There might be something to this theory: “Guiding Light” is my mother’s soap and was one of my grandmother’s favorites, and I have never watched it on a regular basis. But I have tuned in during high-profile bizarre stories, most notably in 1998, when the show’s much put-upon heroine, Reva Shayne, was cloned and eventually kidnapped by her dysfunctional duplicate, Dolly.
Such stories always generate publicity, but for “Guiding Light” they haven’t always generated lasting success. According to Nielsen measurements, “Guiding Light” is currently one of the three lowest-rated soaps among adults 18 to 49, and in households it has recently ranked No. 8 out of 10 on the Nielsen charts. (It ranked No. 5 out of 10 on Nielsen’s household chart during summer 2001.) Whatever the numbers, it’s clear from P&G’s longtime sponsorship that the show serves the needs of the packaged-goods giant.
My own experience suggests that the show’s taller tales don’t do much for longtime (meaning older) viewers. My mother thought the clone story was ridiculous-perhaps not as silly as a more recent story, in which Reva traveled back to the Civil War by somehow moving through a painting, but close. Additionally, mom’s tired of the show’s mob story line. She often leaves the room during scenes of mob drama and general lunacy. But bring on a Bauer or a character-driven, gimmick-free story of genuine substance, which has kept “Guiding Light” going for so many decades, and she’s there.

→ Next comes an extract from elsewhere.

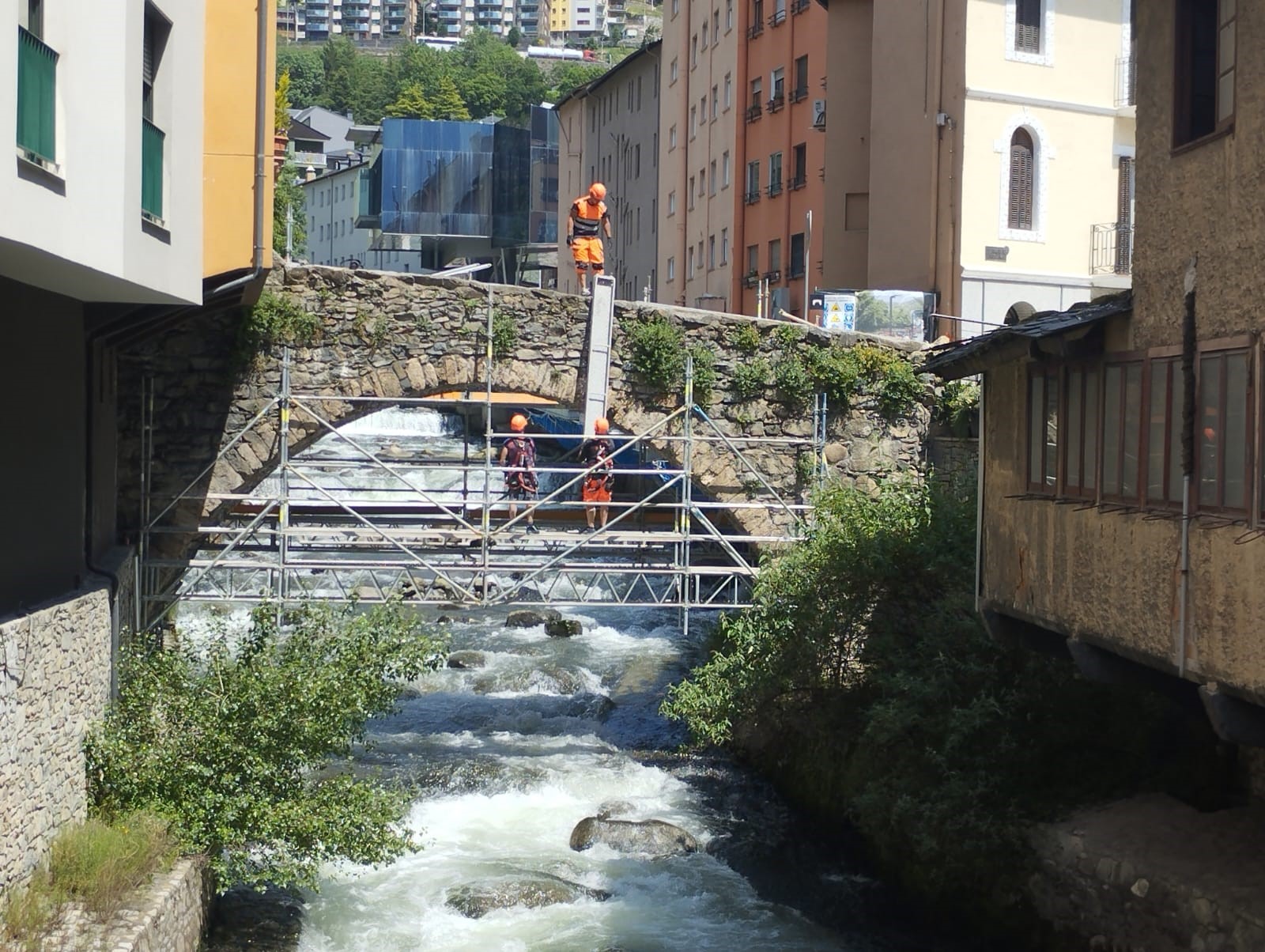 Els veïns d’Engordany es van endur ahir una grata (?) sorpresa: a mig matí una brigada d’operaris va procedir a tancar el pas i va començar a instal·lar bastides a banda i banda del viaducte. S’hi quedaran de moment un mes. Es tracta de la primera fase de la rehabilitació dels ponts històrics de la parròquia, que s’allargarà previsiblement durant tot l’estiu. El pressupost s’enfila a quasi mig milió d’euros, repartits a parts iguals entre el Comú i el Govern, i al pont d’Engordany li seguiran el de la Tosca i el dels Escalls, ja veurem en quin ordre. El torn l’ha obert, doncs, el d’Engordany. Recordin que el viaducte actual data del 1785, i que va substituir un d’anterior que es va endur aquell mateix any. Encara se’n conserva l’arrencada d’un arc al marge dret. En tots tres casos la intervenció consistirà a reforçar i reconstruir els ampits de pedra, anivellar-los i aixecar-los en els punts on són més baixos perquè no constitueixin un perill per als vianants. Es “purgaran” també, diu el Comú, els morters que lliguen les pedres, i es rejuntaran amb calç i sorra, i s’instal·laran gàrgoles de granit amb canals per evacuar l’aigua de pluja.

To its credit, “Guiding Light” hasn’t just followed soap trends; early in its television history it initiated them and advanced the genre in the process. The show broke new narrative ground in 1962 with the story of Bert Bauer having a pap smear and the early detection of her uterine cancer, a controversial story that educated women as to the importance of early detection. In 1966 “Guiding Light” challenged daytime’s color barrier by introducing the first African American characters in a soap opera, Martha and Dr. Jim Frazier. Martha through the years has been portrayed by Cicely Tyson and Ruby Dee, Jim by Billy Dee Williams and James Earl Jones.
How significant is the 50-year endurance of “Guiding Light” on television? Consider the sad realization that only four new daytime soap operas have been introduced during the past 10 years-ABC’s “The City” and “Port Charles” and NBC’s “Sunset Beach” and “Passions”-and of these four, only “Port Charles” and “Passions” remain.
More than any other show on television “Guiding Light” connects the present with the past. It stands as nothing less than a tribute to its genre, its producers and the generations of viewers who have embraced it through two mediums.
Ed Martin has been writing about TV programming for more than a decade, first at Inside Media and currently for The Myers Report.